RECORDED DATA:

*** Block opens ***

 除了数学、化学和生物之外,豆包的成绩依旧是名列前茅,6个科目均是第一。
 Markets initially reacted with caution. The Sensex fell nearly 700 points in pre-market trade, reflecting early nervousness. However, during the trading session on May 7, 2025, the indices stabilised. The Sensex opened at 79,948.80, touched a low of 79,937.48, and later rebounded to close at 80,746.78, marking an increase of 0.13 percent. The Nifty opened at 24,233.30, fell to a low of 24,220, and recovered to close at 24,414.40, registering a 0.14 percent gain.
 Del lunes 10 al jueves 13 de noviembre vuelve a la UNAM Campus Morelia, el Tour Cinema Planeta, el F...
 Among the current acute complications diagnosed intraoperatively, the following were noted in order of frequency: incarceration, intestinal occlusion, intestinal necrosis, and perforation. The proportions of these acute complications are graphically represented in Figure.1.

*** Block closes ***
*** Block opens ***

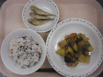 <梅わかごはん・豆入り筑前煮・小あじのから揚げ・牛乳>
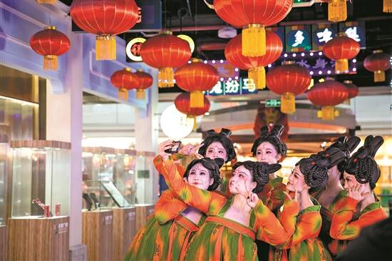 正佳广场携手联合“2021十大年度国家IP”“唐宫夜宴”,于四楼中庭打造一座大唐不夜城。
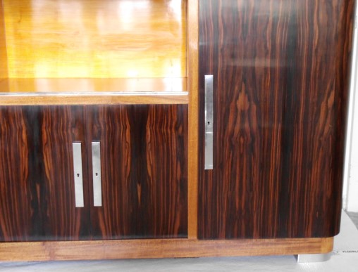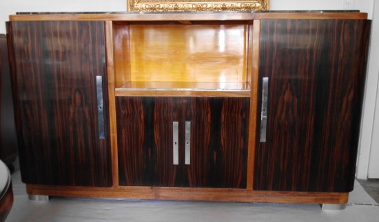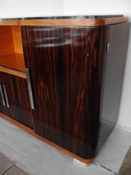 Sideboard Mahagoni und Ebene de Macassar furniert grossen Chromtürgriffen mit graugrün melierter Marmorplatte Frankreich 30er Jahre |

*** Block closes ***
*** Block opens ***

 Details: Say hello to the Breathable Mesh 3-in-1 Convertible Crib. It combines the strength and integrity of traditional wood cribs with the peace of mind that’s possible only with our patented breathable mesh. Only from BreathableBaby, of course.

*** Block closes ***

EXERCISE: Since only part of the listing is wanted, copy exactly the lines from the one holding "Del lunes 10" to the one holding "Among the current", both included.

EXERCISE RESPONSE:
 Del lunes 10 al jueves 13 de noviembre vuelve a la UNAM Campus Morelia, el Tour Cinema Planeta, el F...
 Among the current acute complications diagnosed intraoperatively, the following were noted in order of frequency: incarceration, intestinal occlusion, intestinal necrosis, and perforation. The proportions of these acute complications are graphically represented in Figure.1.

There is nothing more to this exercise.